“PDC*line, our proprietary allogeneic cell line of Plasmacytoid Dendritic Cells solves the industrial limitations faced by immunotherapies based on dendritic cells currently on the market or in clinical development. Additionally PDC*line is much more potent than conventional dendritic cells to expand anti-tumor CD8+ T cells in vitro.” – Joel Plumas, PhD (Co-Founder & CSO)

PDC*vac, a new class of antigen – specific active immunotherapies

PDC*vac is a breakthrough antigen – specific active immunotherapy based on PDC*line, a proprietary allogenic cell line of Plasmacytoid Dendritic Cells (human origin) loaded with target tumor antigens. It is the only immunotherapy based on a cell line of Dendritic Cells (DC) and the only one based on DCs of Plasmacytoid type.
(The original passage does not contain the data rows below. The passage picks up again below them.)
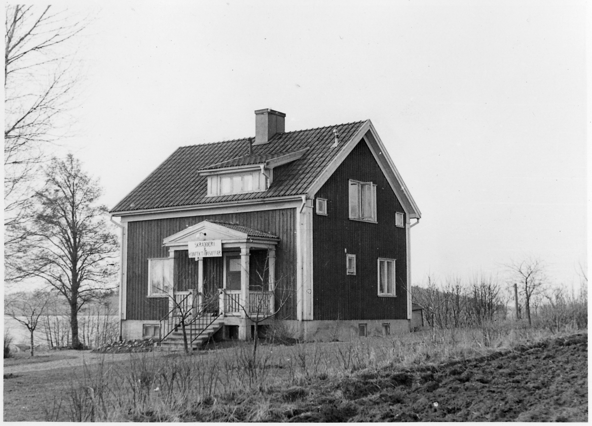 Vägstation T2, Askersund, Hammarsundet, brovaktarbostad. Ovanför dörren skylt "Skrädderi & Konfektionsaffär".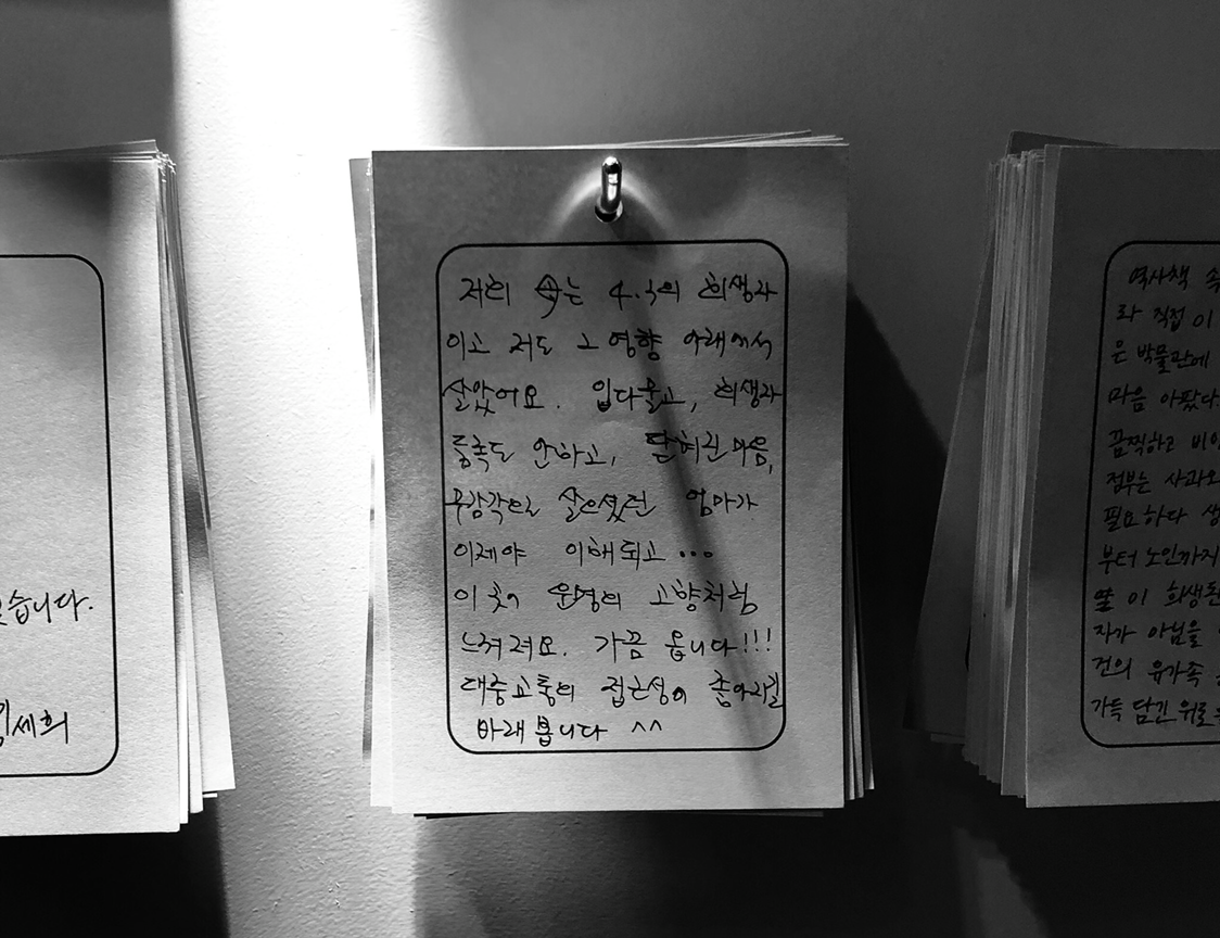 일부러 계획하지는 않았는데 4월 3일이 있는 주에 제주여행을 왔다. 눈을 들면 화사한 벚꽃이 만발해 있고 거리 곳곳에는 꽃 채로 떨어진 동백꽃이 흩뿌려져 있었다. 70주년 기념 추도식 뒤의 여파가 남아 있는 제주 4.3 평화기념관은 단체관람을 온 학생들로 가득했다.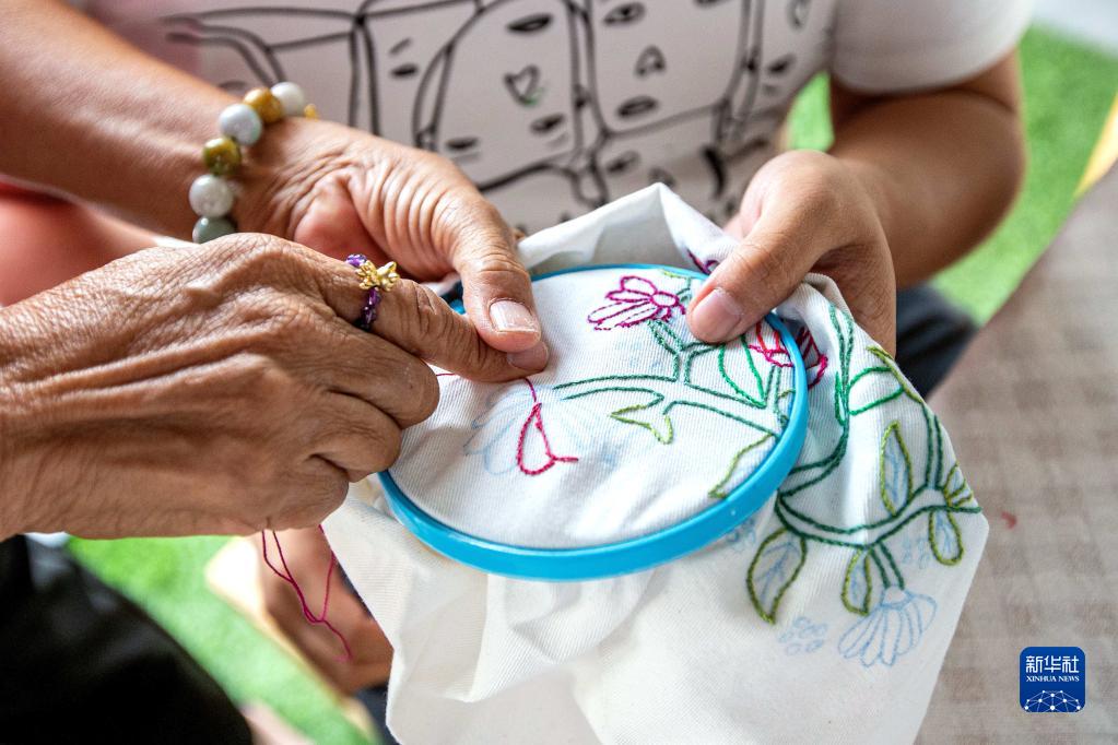 4月2日,在位于曼谷的泰國孤獨癥職業(yè)中心,一名孤獨癥患者學(xué)習刺繡。

PDC*line displays very strong antigen presenting cell abilities allowing the priming of antitumor naïve CD8+ cells in vitro and in vivo (humanized mouse model). PDC*line is much more potent than conventional DC to expand fully functional antitumor CD8+ T-cells from tumor infiltrating lymphocytes (Aspord et al, 2010; 2012). Original features of PDC*line (expression of key costimulatory molecules in absence of PD-L1 expression…) explain its superiority over conventional DC.
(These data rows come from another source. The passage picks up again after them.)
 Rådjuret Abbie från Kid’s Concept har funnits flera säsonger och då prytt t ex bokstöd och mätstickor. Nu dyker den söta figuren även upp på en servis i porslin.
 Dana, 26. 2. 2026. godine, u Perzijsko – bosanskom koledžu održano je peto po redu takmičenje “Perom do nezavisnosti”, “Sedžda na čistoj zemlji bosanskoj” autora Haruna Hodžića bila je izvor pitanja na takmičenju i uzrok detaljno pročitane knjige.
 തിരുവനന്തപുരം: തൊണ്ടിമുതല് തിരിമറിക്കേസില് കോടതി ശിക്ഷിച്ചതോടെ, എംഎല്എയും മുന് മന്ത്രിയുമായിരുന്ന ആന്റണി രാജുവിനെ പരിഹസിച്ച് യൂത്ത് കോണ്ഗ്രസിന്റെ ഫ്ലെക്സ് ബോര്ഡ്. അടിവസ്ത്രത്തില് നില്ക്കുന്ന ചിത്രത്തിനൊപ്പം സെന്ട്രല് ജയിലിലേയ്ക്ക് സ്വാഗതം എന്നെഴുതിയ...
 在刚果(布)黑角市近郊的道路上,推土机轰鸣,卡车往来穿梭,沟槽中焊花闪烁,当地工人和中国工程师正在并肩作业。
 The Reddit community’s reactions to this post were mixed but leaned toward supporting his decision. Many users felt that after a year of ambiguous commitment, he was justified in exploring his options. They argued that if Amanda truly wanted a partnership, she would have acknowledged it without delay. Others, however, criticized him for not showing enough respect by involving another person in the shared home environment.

PDC*line is fully qualified and available at clinical grade. It very easy to expand on synthetic medium in bioreactors. It can be loaded with synthetic peptides derived from a combination of tumor antigens relevant for a targeted cancer type. The off-the-shelf product (ATMP classification) can be stored frozen for years. Once injected to patients, it induces a potent and targeted cytotoxic T cell response against the tumor cells.
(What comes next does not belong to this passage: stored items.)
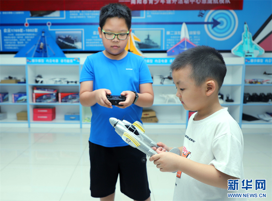 9月17日,在河南省南阳市科学技术馆,小朋友在航空航天科普课堂上体验飞机飞行。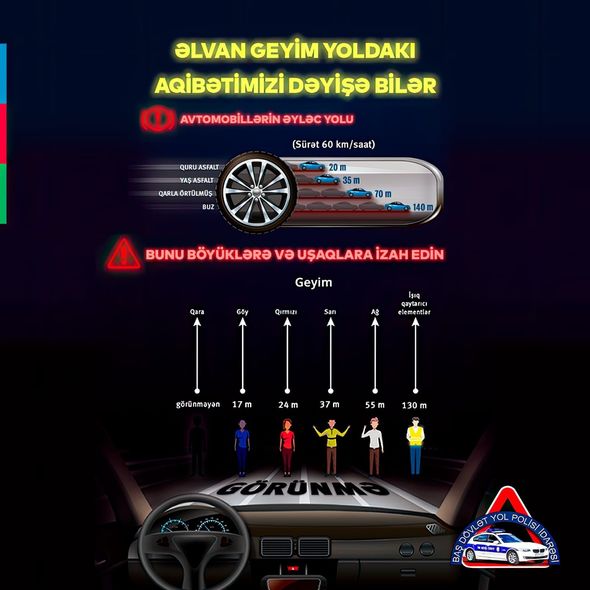 – Piyadadan söhbət gedirsə, ilk məsləhətim odur ki, maksimum rəngli geyinmək lazımdır. Hətta məktəblərdə uşaqlarla təlim keçəndə da deyirəm ki, valideynlərinizə deyin, sizə qara paltar almasınlar. Gödəkçələriniz qırmızı, yaşıl, sarı və ya digər parlaq rənglərdə olsun ki, sürücü sizi görə bilsin. Bizdə insanlar qara üst geyimlərini çox sevirlər. Bu da problem yaradır. Çünki qaranlıq vaxtı qara geyimdə piyadanı görmək mümkün deyil.
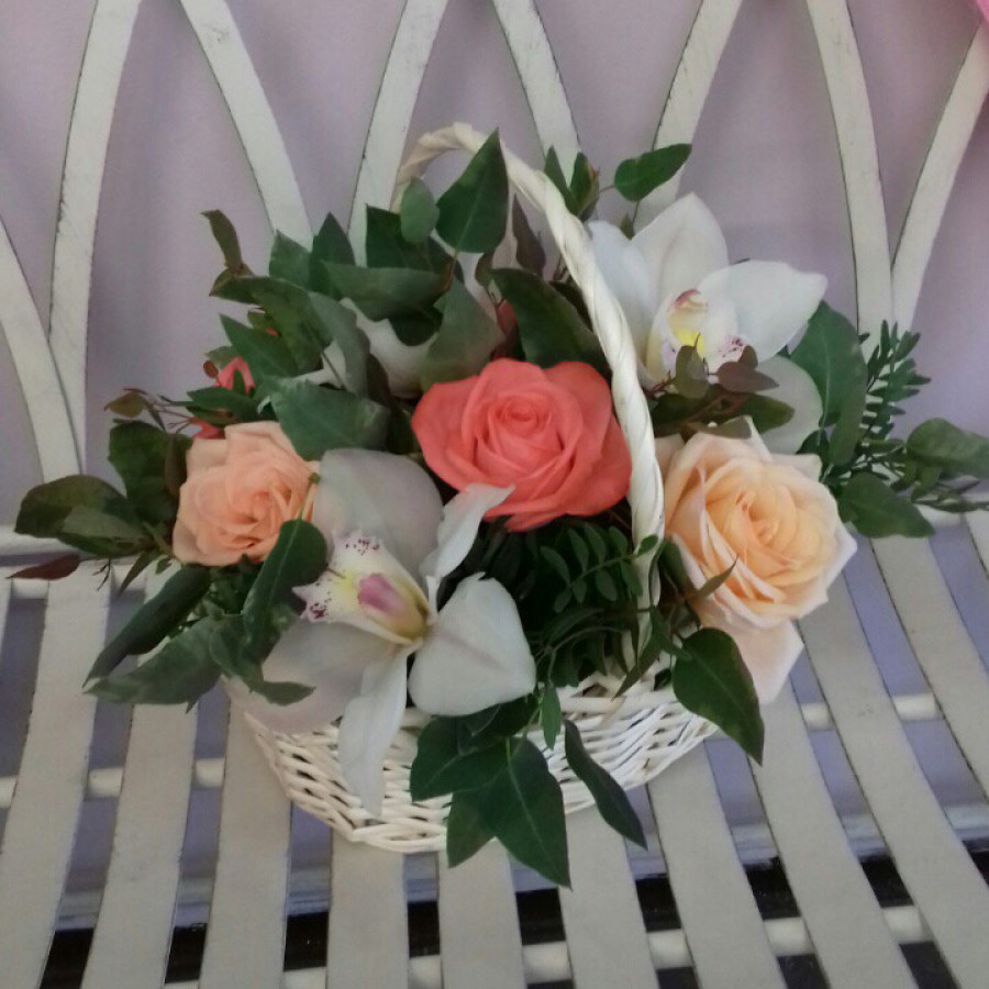 Нежные цветы царственной орхидей в сочетании с коралловыми эквадорскими розами, собранные в нежной корзинке с зеленью, станут замечательным подарком на годовщину или приятным сюрпризом без повода. Нежное классическое сочетание цветов приятно удивит получательницу и подчеркнет Ваш безупречный вкус.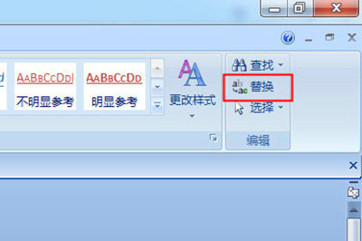 2、定位至顶部菜单栏,选择【开始】选项卡右侧的【替换】功能组(支持快捷键CTRL+H快速调用)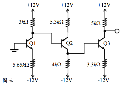 |= 0.7V 與 β = ∞ ,分別求出圖三中三個電晶體的集極電壓 (V

PDC*vac technology benefits from a robust proof of concept ex vivo (blood samples from cord blood, heathy donors, melanoma and lung cancer patients) and in vivo (humanized mouse models, including an aggressive grafted model of melanoma). A first-in-human phase 1 trial in melanoma has also shown positive results.

Competitive Advantages

Because of its unique features, PDC*vac is expected to be highly scalable, potent and versatile.

Scalable & convenient

PDC*vac is an off-the-shelf highly qualified and standardized product, which has a much lower production cost and is more convenient to produce, control, develop and commercialize than conventional autologous DC-based immunotherapies. A standardized product can be used to treat all HLA-A2+ patients with the same cancer type.


Potent & effective

The potency of PDC*vac and its expected superior efficacy are due to 2 essential features:

  • PDC*line: Ex vivo studies have shown (Aspord, PlosOne 2010) that PDC*line much more potently induced specific cytotoxic T cell expansion than conventional DCs (20 times more potent than autologous DCs, and 200 times more potent than allogeneic DCs, that may be affected by disease and previous treatments).
  • Multi-specific active immunotherapy: PDC*vac is an active immunotherapy targeting several well-expressed tumour antigens which improve tumour targeting, thus limiting the risk of tumour escape.


Versatile & applicable to any cancers

PDC*vac is easy and rapid to develop a new candidate for any type of cancer. To change the target tumour, all that is required is to adapt the tumour peptides loaded.

Intellectual property

IP protection at PDC*line Pharma relies on 3 pillars (licensed from EFS):

  • A proprietary cell line (PDC*line), including clinical-grade cell banks,
  • 2 patents, with very good geographical coverage, protecting PDC*line (WO 2004/061089) and the use of PDC cell lines in active immunotherapy (WO 2009/138489),
  • R&D data and manufacturing know-how developed since 1999.

Key publications

  • Aspord C, Leccia MT, Salameire D, Laurin D, Chaperot L, Charles J, Plumas J. HLA-A(*)0201(+) plasmacytoid dendritic cells provide a cell-based immunotherapy for melanoma patients. J Invest Dermatol. 2012 Oct;132(10):2395-406.
  • Aspord C, Charles J, Leccia MT, Laurin D, Richard MJ, Chaperot L, Plumas J. A novel cancer vaccine strategy based on HLA-A*0201 matched allogeneic plasmacytoid dendritic cells. PLoS One. 2010 May 4;5(5):e10458.